2. Data loading and pre-processing

• Load Data Set::

  • Common datasets can be loaded using the dataset loading functions provided by MindSpore, such as MnistDataset.
  • It is also possible to customize the way the dataset is loaded and build the dataset by reading local files or other data sources.

• Data preprocessing::

  • Pre-processing of loaded data such as image scaling, normalization, type conversion, etc.
  • Data preprocessing operations can be performed using the transform module provided by MindSpore.

3、Constructing neural network model

• Define the neural network structure::

  • Use MindSpore's nn module to build neural network models, such as defining convolutional layers, fully connected layers, activation functions, etc.
  • Multiple network layers can be combined into a single SequentialCell object, or a Cell class can be customized to implement more complex network structures.

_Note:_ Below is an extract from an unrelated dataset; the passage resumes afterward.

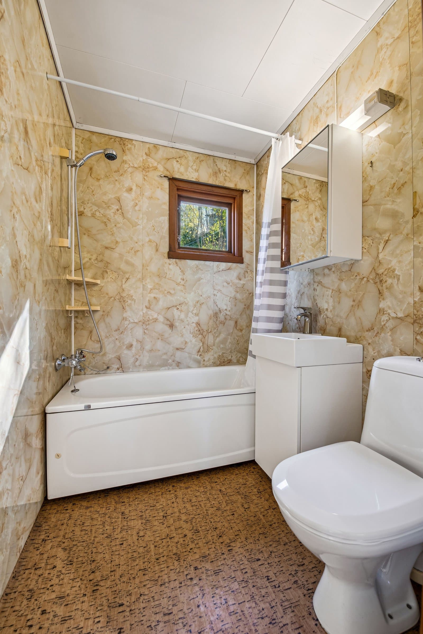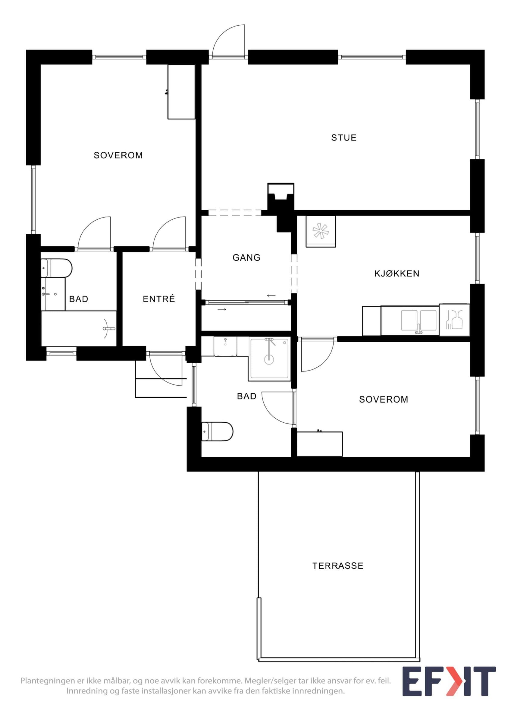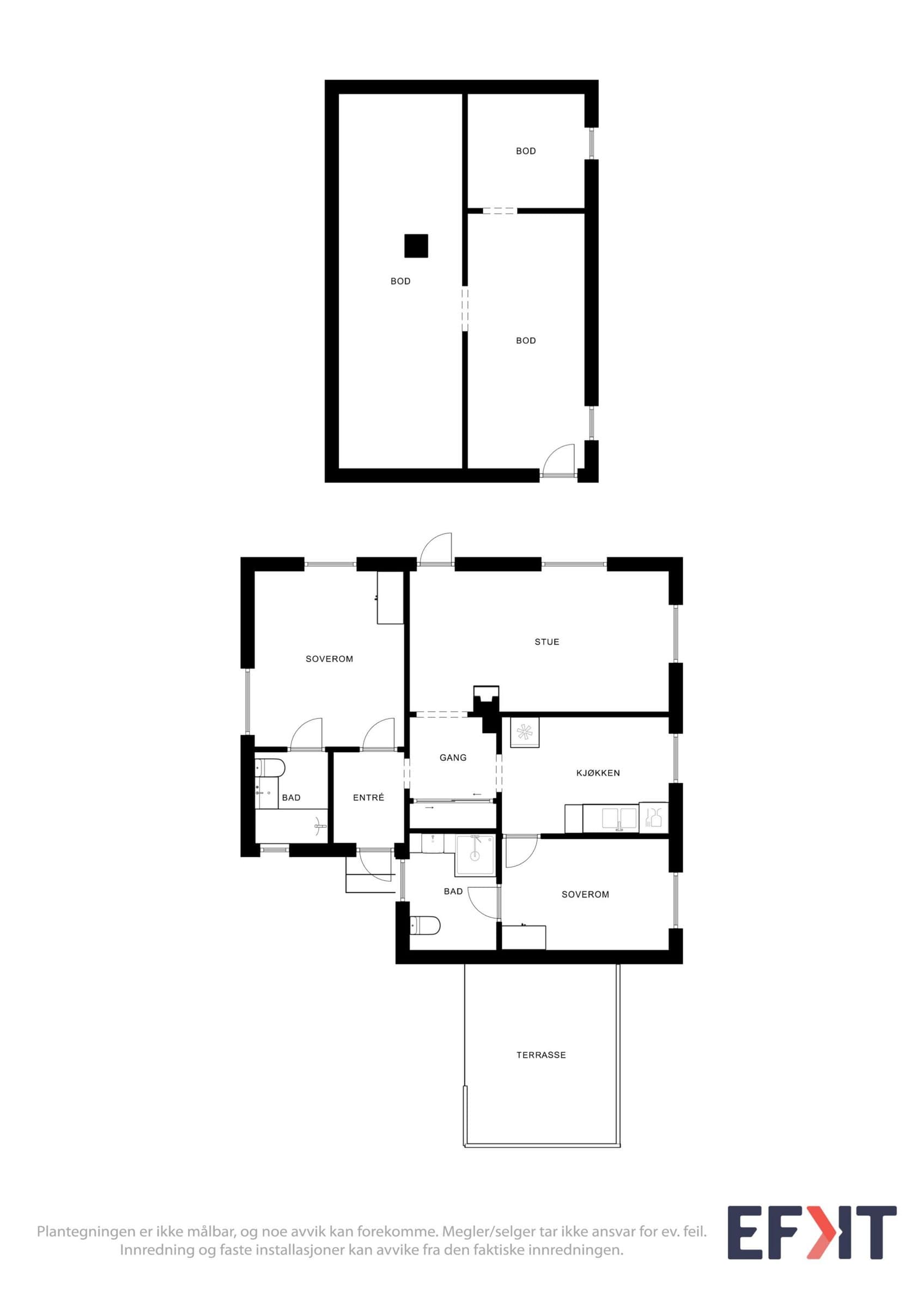 1. etasje inneholder vindfang, gang, stue, kjøkken, 2 soverom og 2 bad. Kjeller under deler av huset, inneholder 2 rom, dels med lav takhøyde.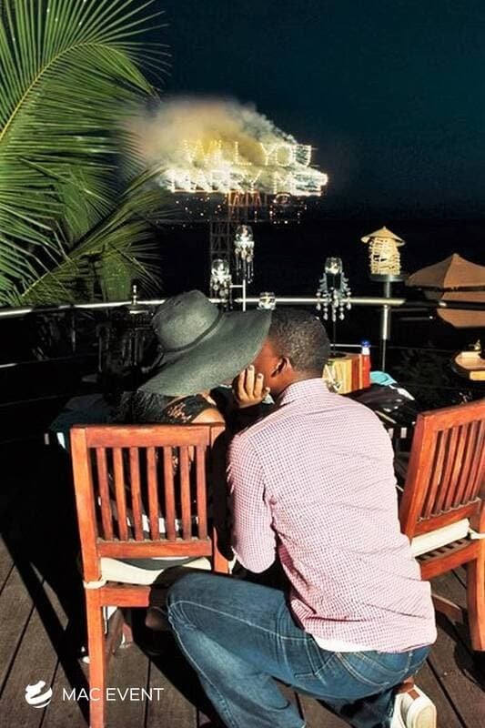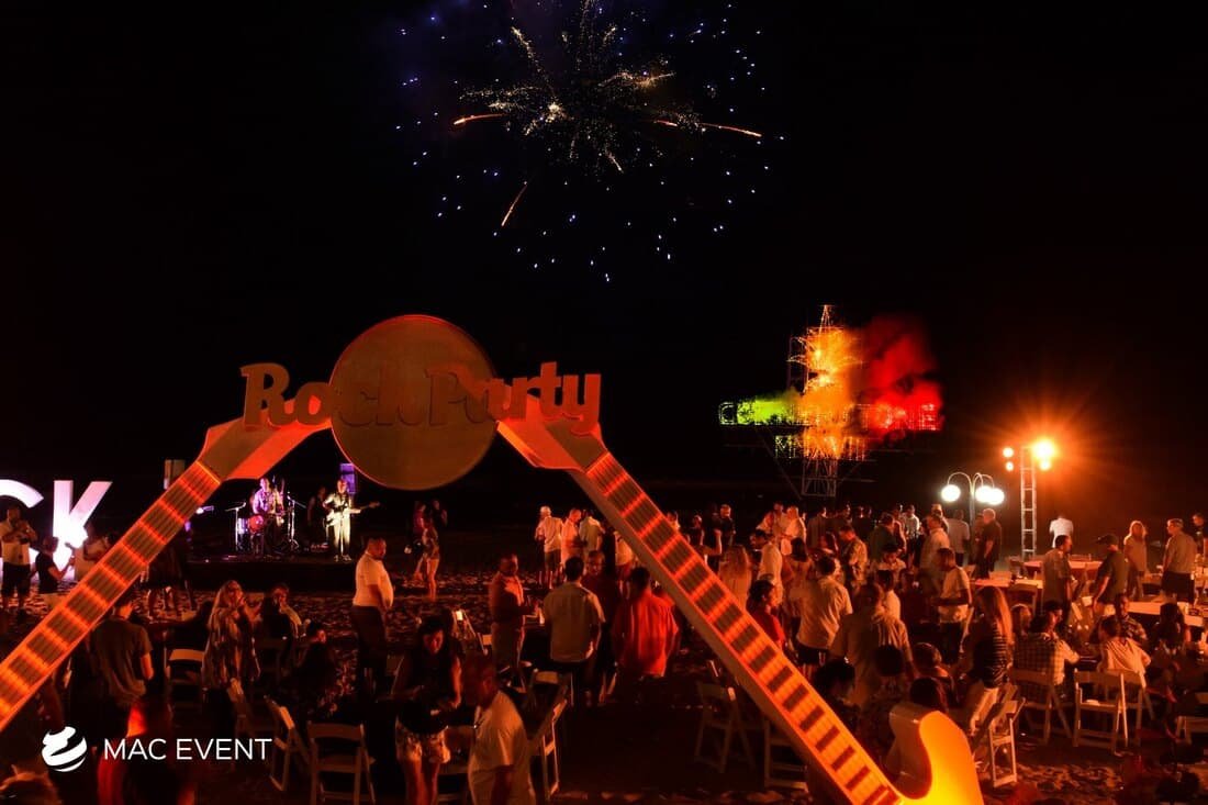 The pyro-lettering adds a dramatic and personalized touch to weddings, parties, and corporate events in Bucerias. Designed with firework-style effects, this event display rental illuminates names, initials, or messages in bright, sparkling flames that create an unforgettable visual moment. Perfect for grand entrances, proposals, or finales, pyro-lettering combines art and celebration in one breathtaking display. Renting pyro-lettering in Bucerias ensures professional setup, safety, and flawless execution. For a unique and spectacular way to showcase your message, the pyro-lettering is a stunning addition to any event.

• Initialize model parameters::

  • When defining the model, it is necessary to initialize the parameters of the model, such as weights and biases.
  • MindSpore automatically allocates memory and initializes parameters for the model.

4. Define the loss function and optimizer

• Selection of the loss function::

  • Choose the appropriate loss function according to the type of task, for example, the classification task can use the cross-entropy loss function.
  • MindSpore provides a variety of commonly used loss functions that can be called directly.

• Selection Optimizer::

  • Select the appropriate optimizer based on the task requirements and model complexity, e.g., SGD, Adam, etc.
  • The optimizer can be configured by specifying hyperparameters such as the learning rate.

5. Training process

• Define the training function::

  • Write a training function that accepts data and labels as input and returns loss values and predictions.
  • In the training function, operations such as performing forward propagation, calculating loss values, performing backpropagation, and updating model parameters need to be performed.

• Execute the training cycle::

  • A loop is used to iterate through the training dataset and the training function is called in each iteration to update the model parameters.
  • Some callback functions can be set to monitor the training process, such as printing loss values, saving the model, etc.

6. Model evaluation and testing

• Load test dataset::

  • Load the test dataset using the same method as the training dataset.

• Evaluating model performance::

  • The model is run on a test dataset and evaluation metrics (e.g., accuracy, recall, etc.) are computed to evaluate the model performance.

7. Model deployment and reasoning

• Export model::

  • Once training is complete, the model can be exported to MindSpore's model format for deployment and inference.

• Loading the model for inference::

  • In scenarios where inference is required, the exported model is loaded and inference operations are performed using the input data.

8. Advanced Functions

• distributed training::

  • MindSpore supports distributed training, you can configure the parameters to start multiple training nodes for parallel training.

• Model Compression and Optimization::

  • Model compression and optimization functions such as pruning and quantization are provided to reduce model size and computation.

• Automatic Differentiation and Graph Optimization::

  • MindSpore supports automatic differentiation and graph optimization features that automatically calculate gradients and perform graph-level optimization.